Exercise requirements
Give back an exact repetition of the material below, from its first line through the line that contains "Lot 827: (2)", both included, minus the pictures.

** Available records follows **

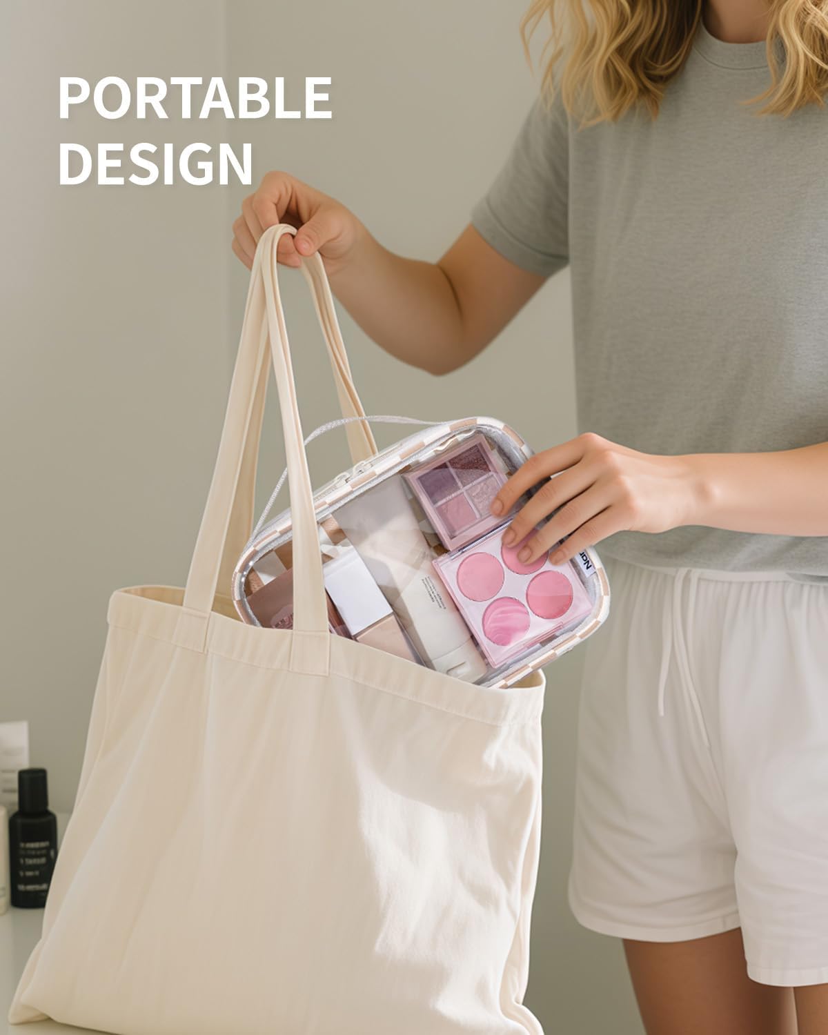 Narwey TSA Approved Clear Toiletry Bag for Travel, Waterproof PVC Clear Makeup Bags, Portable Compact Cosmetic Bag Make Up Organizer, Airport Airline Quart Size Compliant Bag (Light Checkerboard)
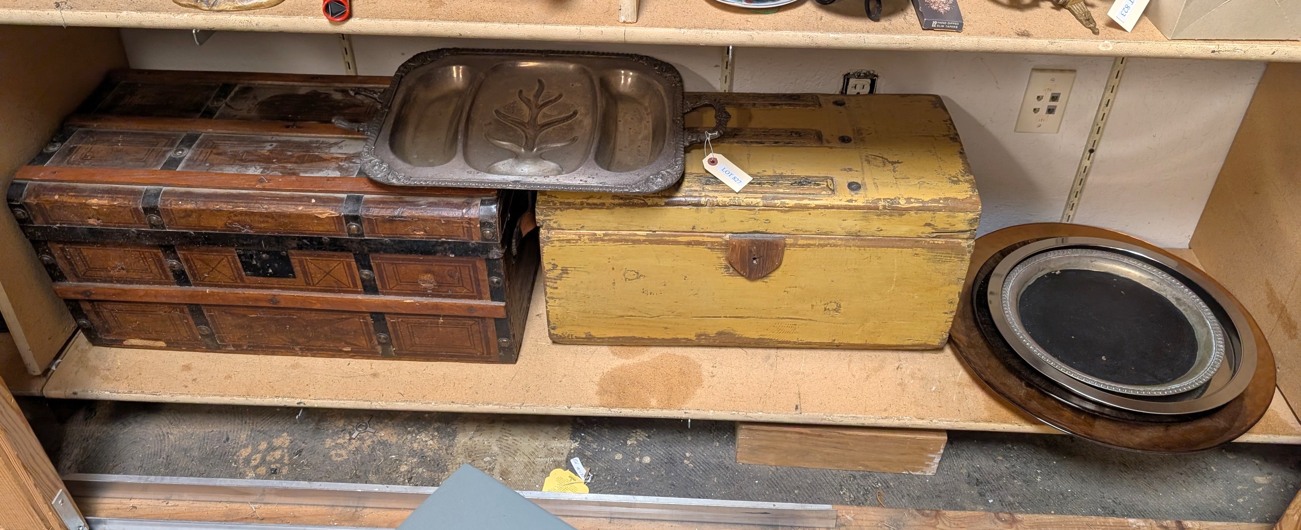 Lot 827: (2) Lidded Wood Boxes And Metal Serving Trays.
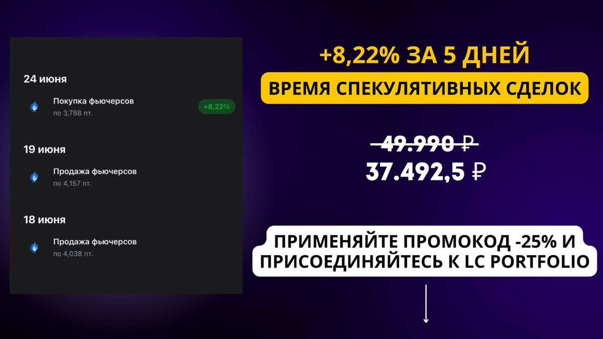 Каждый день что-то новое: войны, обвалы, санкции… Как на это реагировать? Когда нет стратегии, начинается хаос: ❌ кто-то в панике продаёт или скупает все без разбора ❌ кто-то просто замирает, не понимая, что делать Всё это — путь в никуда. Но есть другой путь — чёткая система и стратегия. Именно по нему я сам иду, и именно его показываю в своём закрытом канале. 🎯 Цель закрытого канала — капитал 100 млн рублей. И мы движемся к ней шаг за шагом, даже в нестабильные времена. Сейчас рынок — в фазе, когда на спекуляциях уже можно зарабатывать. И это лучшее время, чтобы подключиться. В канале: 📌 Стратегия и пошаговый план действий 📌 Реальные сделки, которые я совершаю сам (это не сигналы!) 📌 Удобная таблица и канал с анонсами сделок 📌 Спекулятивные сделки и прямые эфиры с торговлей в реальном времени 📌 Фьючерсные сделки 📌 Информацию по IPO (в 2024 году — прибыль по всем сделкам) 📌 2 моих портфеля с ОФЗ и доступ к ним + 12 ценных уроков в подарок дают сильную базу — от понимани
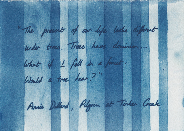 A set of three unique 5 by 7 inch cyanotype prints, signed on the reverse by the artist. These prints have been made to accompany the exhibition “the present of my life looks different under trees”.
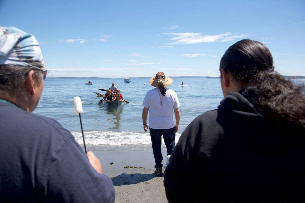 Neighboring tribes welcome canoes ashore at Port Townsend during canoe journeys since it has no tribe in residence.
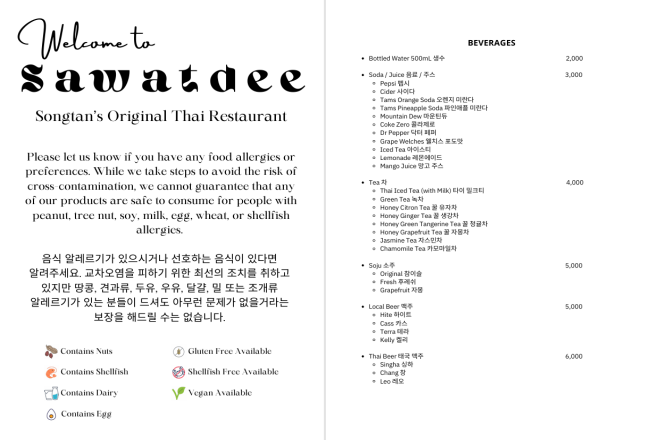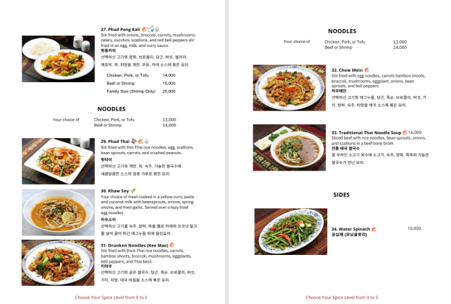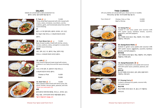 14,000원 얇게 썰어진 파파야에 레몬즙,피쉬소스,토마토,당근,마늘,땅콩,고추와 함께섞어진 매콤새콤한 샐러드
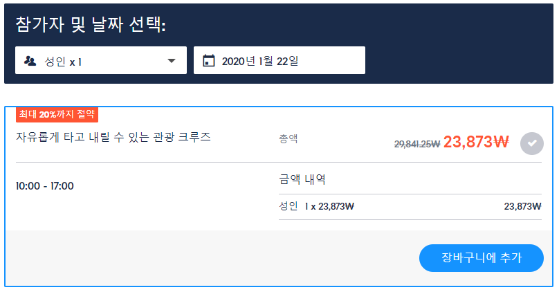 24시간 동안 자유롭게 타고 내릴 수 있는 크루즈 티켓
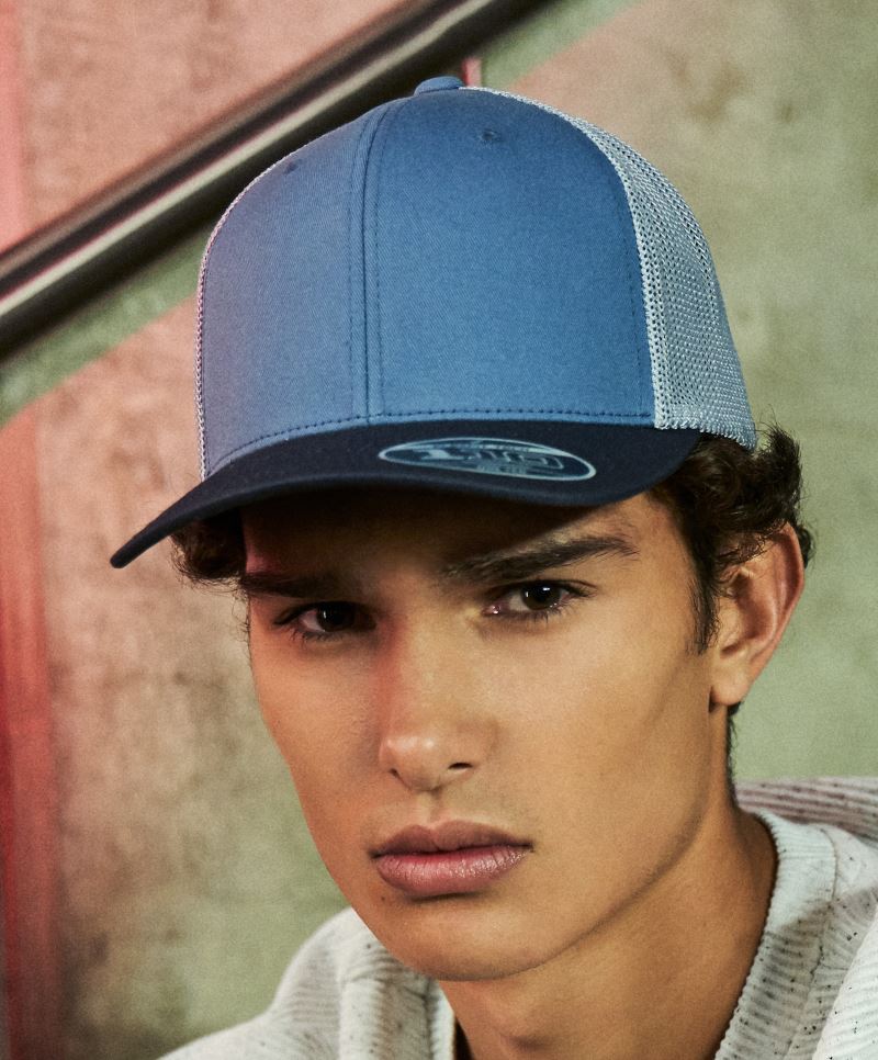 Aufkleber auf dem Schirm, leicht gebogener Schirm, schwarze Schirmunterseite, 8 Ziernähte am Schild, Netz seitlich und hinten, Frontpanele verstärkt, 2 gestickte Luftlöcher, Snap-Verschluss Ton-in-Ton, nicht waschen, nicht bügeln, nicht trocknergeeignet, nicht chemisch reinigen
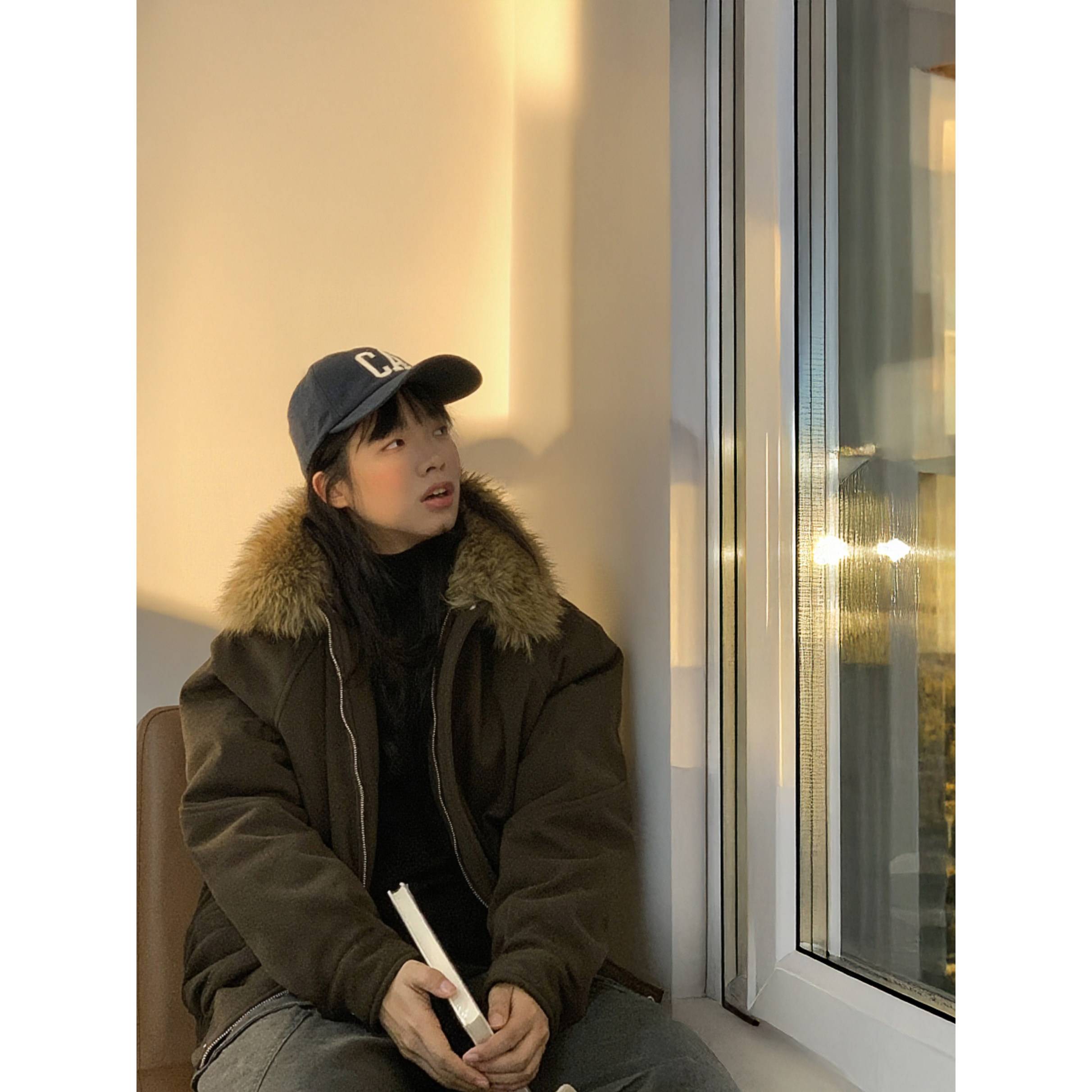 工装 派克服宽松加厚短款 外套棉衣 复古座山雕毛领棉服男女冬季 美式
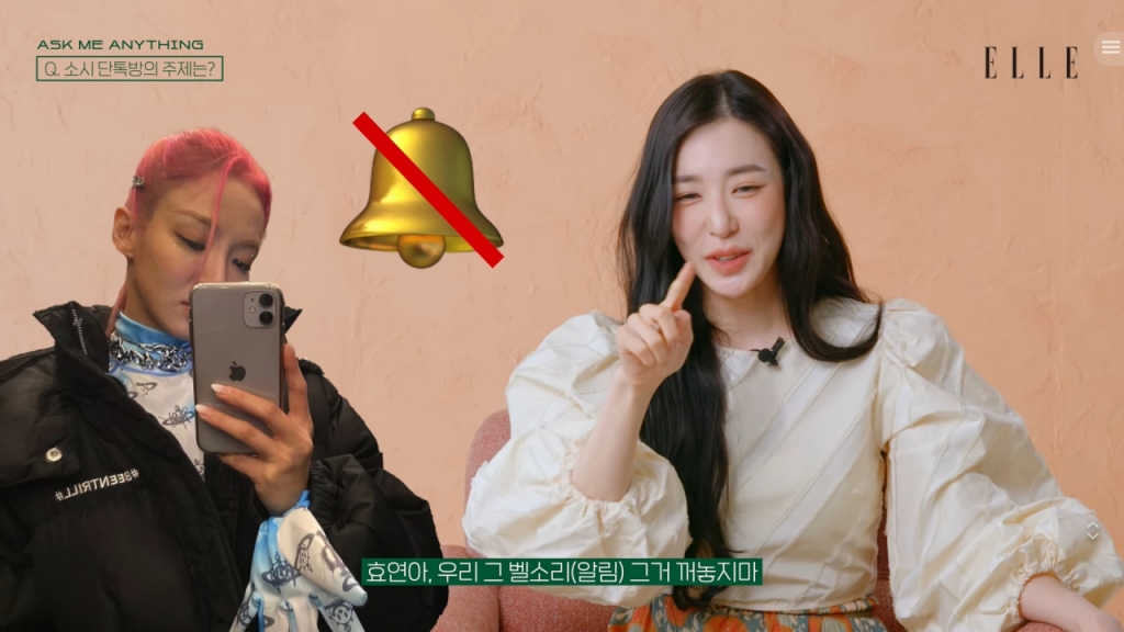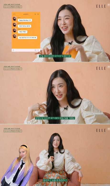 티파니는 '요즘 소녀시대 단톡방의 주제는 뭐냐'는 질문에 "최근 태연 생일이어서 단톡방이 축제 분위기였다"며 "요즘에는 서로 퀴즈를 보낸다. 자신이 무슨 색상인지 어떤 꽃인지, 동물인지. 항상 서로 좀 더 알아갔으면 하는 마음"이라고 멤버들을 향한 애정을 드러냈다.
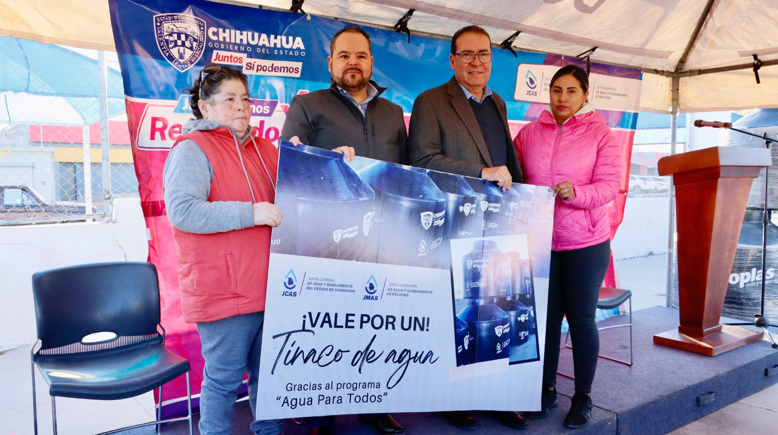 Como parte del Programa “Agua para Todos” de la Junta Central de Agua y Saneamiento (JCAS), fueron donados 80 tinacos que permitirán el almacenamiento del vital líquido a igual número de familias de la colonia Revolución, en Delicias, con una inversión de 128 mil pesos.
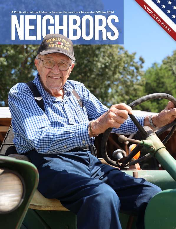 Neighbors (ISSN 0162-3974) is published monthly by the Alabama Farmers Federation, 2108 East South Boulevard, Montgomery, Alabama 36116 or (334) 288-3900. For information about Alabama Farmers Federation member benefits, visit the website www.alfafarmers.org. Periodicals postage paid at Montgomery, Alabama, and additional mailing offices. Printed in the U.S.A.
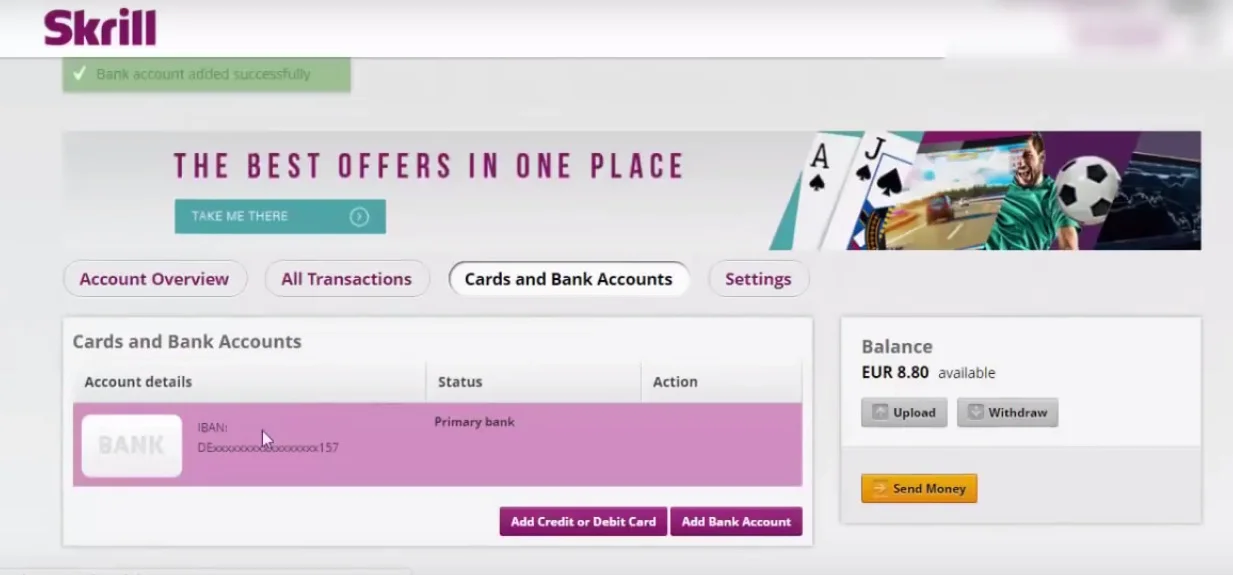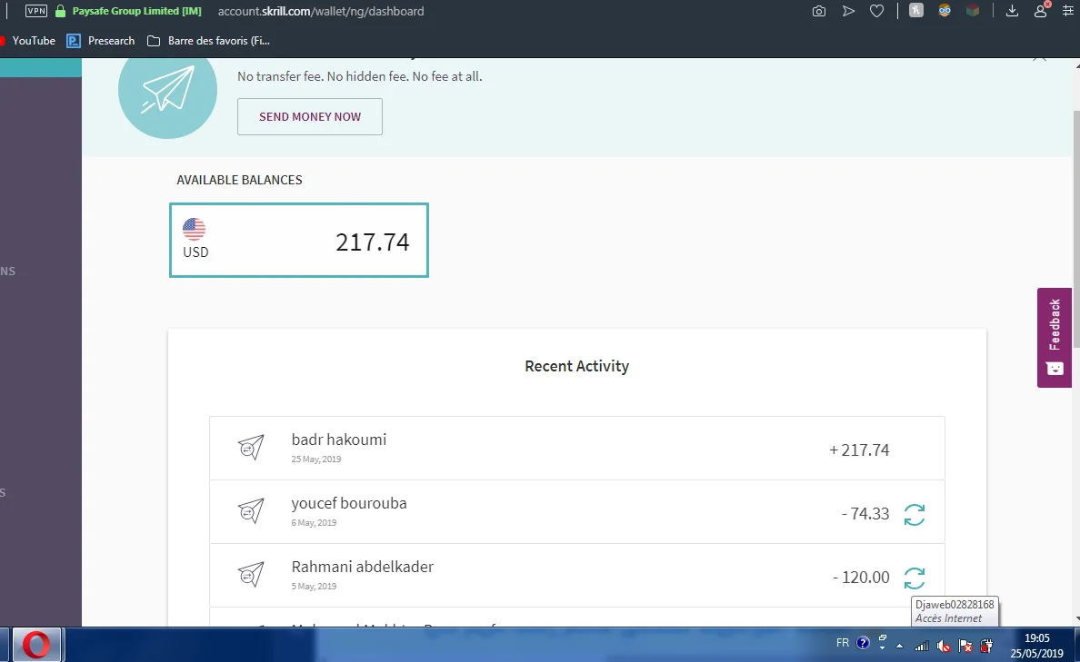 يمكن ارسالها أخي لكن العمولة 6 دولار يصلك مبلغ 211 دولار و يستغرق من يومين الى 5 ايام ليدخل في حسابكالسلام عليكم اخي اذا كان حسابك محقق بالوثائق هل يمكنك تحويلها بواسطة خاصية التحويل البنكي (_bank account
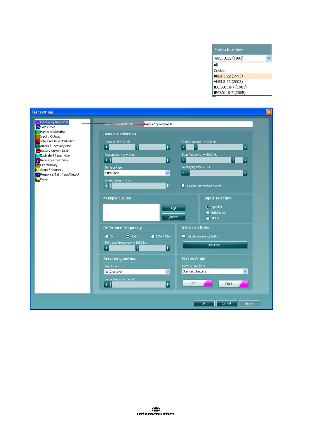 1) Ensure that Frequency Response is marked in the left hand side of the screen. The name of the
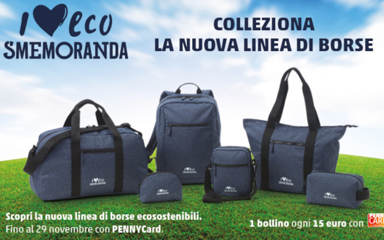 “Dalla borsa a tracolla al beauty case, dal pratico borsone da viaggio allo zaino e alla shopping bag – spiega una nota aziendale – la nuova collezione “I Love Eco”, in 100% pet riciclato, è dedicata a tutti coloro che hanno a cuore la salvaguardia dell’ambiente senza rinunciare al design e alla filosofia Smemoranda”. Riservata ai possessori di Penny Card, l’iniziativa sarà attiva fino al 29 novembre. Confermato il format delle collezioni Penny, basato sul sistema della raccolta bollini; un bollino ogni 15 euro di spesa con PennyCard e, raccolti i bollini necessari, i prodotti possono essere ottenuti gratuitamente o tramite contributo.

** End of Available records **

Solved problem
 Narwey TSA Approved Clear Toiletry Bag for Travel, Waterproof PVC Clear Makeup Bags, Portable Compact Cosmetic Bag Make Up Organizer, Airport Airline Quart Size Compliant Bag (Light Checkerboard)
 Lot 827: (2) Lidded Wood Boxes And Metal Serving Trays.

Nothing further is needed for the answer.